Prospective travelers, concerned about the coronavirus, are reconsidering their plans of travel and canceling trips. And, with that, some are seriously thinking about travel insurance.

The virus, which has brought China to nearly a standstill in both outbound and inbound travel, is having a significant effect on the entire travel industry – from planes, trains, ships and cars. Flights are getting grounded, tours are being canceled, and cruises are being rerouted.

Travel agents and travel insurance companies are noting a rise in the number of people concerned about travel with the insurance companies getting an increase in requests for coverage for their impending trips.

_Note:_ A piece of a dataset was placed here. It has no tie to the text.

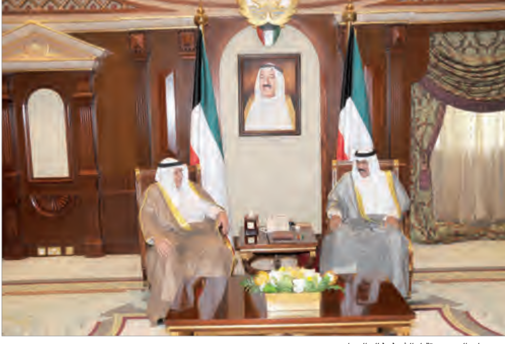
سمو ولي العهد يستقبل الشيخ خالد الجراح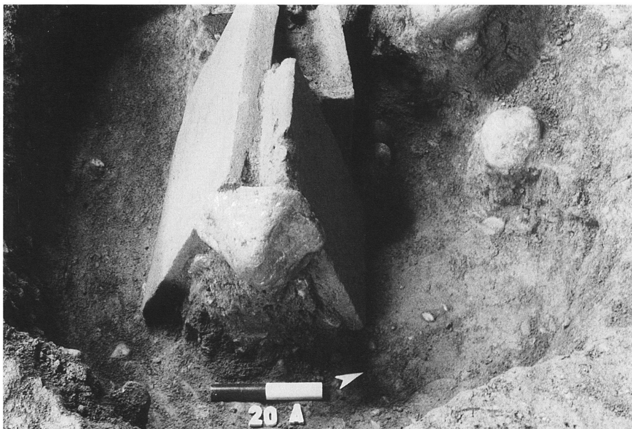
Tomba 20/1997, struttura tombale «alla cappuccina»

delle tombe portò la Società Archeologica Comense a rinnovare, attraverso i suoi soci locali, il controllo sul territorio della cittadina: questa appassionata vigilanza ha portato negli ultimi decenni alla segnalazione alla Soprintendenza di lavori edili in aree ad alto rischio archeologico e ciò ha consentito altri fortunati ritrovamenti, tra cui quelli, per restare alla fase romana, nell'area detta Fontanone e nella zona del mercato nuovo (via Kennedy), ritrovamenti che hanno fornito interessanti informazioni sull'abitato antico di Mariano 2 . Anche intorno alla via Tommaso Grossi si intensificarono i controlli, nella certezza che le centotrenta tombe recuperate dovevano essere solo una parte dell'area cimiteriale; tale certezza derivava in particolare da alcuni sondaggi effettuati poco al di sotto delle fondazioni di un capannone industriale che lambiva la strada, sondaggi che avevano portato all'individuazione di altre sepolture. Così nel 1996 i volontari hanno potuto tempestivamente segnalare alla Soprintendenza Archeolo-

While this isn’t the travel industry’s first rodeo in terms of external influences, for Aurora’s Travel Connection travel agent Becky Donaldson, something about this virus doesn’t feel the same. She said people are scared, and they are either requesting a change in dates or locations or canceling their trip altogether.

Donaldson said the coronavirus does appear to spread faster than the MERS or SARS outbreak, which hit the travel industry in the last 20 years.


University Hospitals Medical Director of Infection Control Dr. Elie Saade said travelers could alleviate their concerns by being vigilant in avoiding all types of infections. It doesn’t matter, he said, where they were traveling to – be it somewhere in the U.S. or England. As long as people take the necessary precautions, washing hands with soap and water regularly and using alcohol-based sanitizer, it would help to reduce the risk of infection transmissions.

Saade said travelers were at a higher risk of catching influenza, but it’s the fear of the unknown that’s causing panic. He said there’s not much yet known about the coronavirus, including how the virus is spread. Saade said with the strong public health response in other parts of the world, such as flight cancellations, quarantines and passenger screens, its spread should slow down.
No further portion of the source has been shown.